From: Evgeniy Polyakov <[EMAIL PROTECTED]>
Date: Thu, 11 May 2006 10:40:37 +0400

> > It is absolutely necessary to find ways to get rid of these layering
> > costs.  "Layering is how you design networking protocols, not how you
> > implement them."
> 
> If I provide a patch which will allow to mark special socket as
> no-protocol-and-any-upper-layer-lookup, but instead process skb->data
> (like copying to userspace, or just allow recv() to return without any
> copy) and performance will not differ from what we have with layers, 
> will it justify that not abstract cache trashing and lookup split into
> socket/route are not the problem?
> 
> Or have you switched from engineering to researching mode? :)

You test with single socket and single source ID, what do you expect?
Everything is hot in the cache, as expected.

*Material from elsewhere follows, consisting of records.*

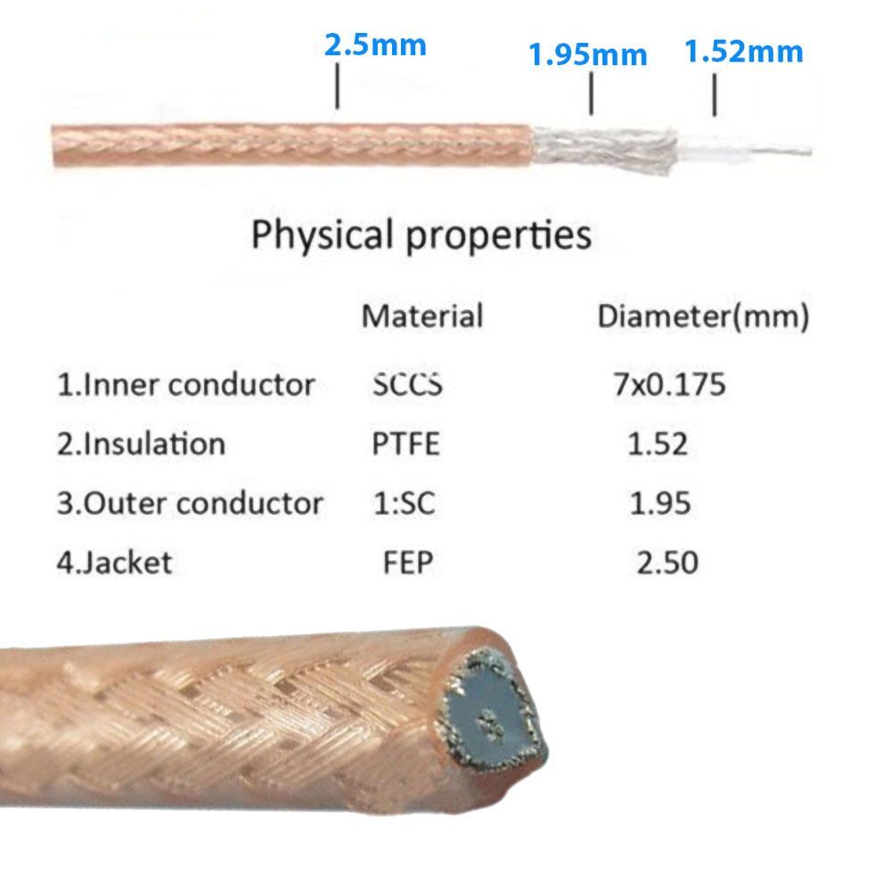 RG - 316/U 50 oHm Koaksiyel Kablo Düşük Kayıp Yüksek Mukavemetli Kablo.
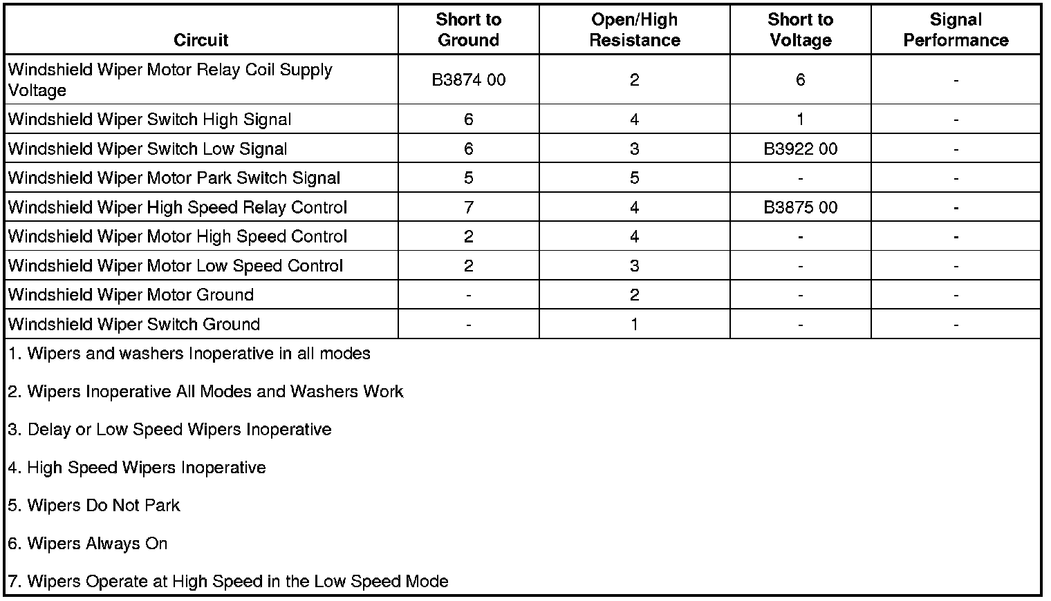 * A short to B+ on any of the wiper/washer switch signal circuits will open the ground trace in the wiper switch.
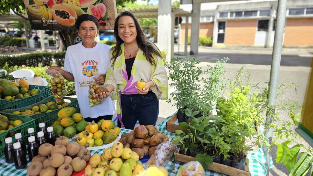 A secretária da Assistência Social, Inclusão e Cidadania, Érica Mitidieri, destaca a variedade de produtos expostos na feira; segundo ela, eles representam as macrorregiões de Sergipe e a diversidade de produtos oriundos da agricultura familiar, agroecológicos e artesanais de todo o estado.
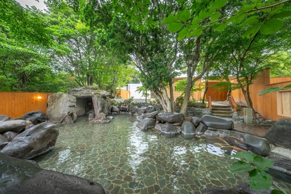 「雪佳の湯」側の露天風呂には、風情ある岩風呂も。
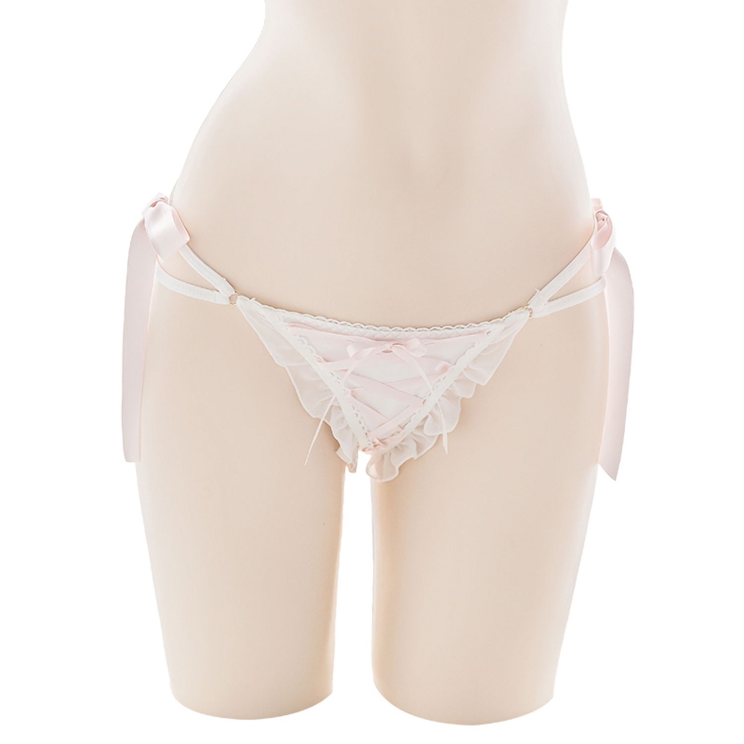 Women's Satin Ribbon Bow Cute Double Layer Thin Strap Panties White One size

It is not research, I did put cycle counter sampling all over these
spots on sparc64 a long time ago just to familiarize myself with where
cpu spends most of it's time in softint processing when there are lots
of sockets and unique remote addresses.

And most of the time from netif_receive_skb() to the meat of
{udp,tcp}_rcv() is touching the routing cache and socket demux hash
tables.  Add bonus costs to netfilter if that is enabled too.  Once
you are past that point, for TCP, tcp_ack() is the primary cpu cycle
eater.

You can test with single stream, but then you are only testing
in-cache case.  Try several thousand sockets and real load from many
unique source systems, it becomes interesting then.

>From profiles of heavily used web server, what shows up is bulk of cpu
being in socket demux and tcp_ack().  Next bubble is routing cache.
I have not seen good profiles from a heavy web server employing any
real use of netfilter, that would be interesting as well.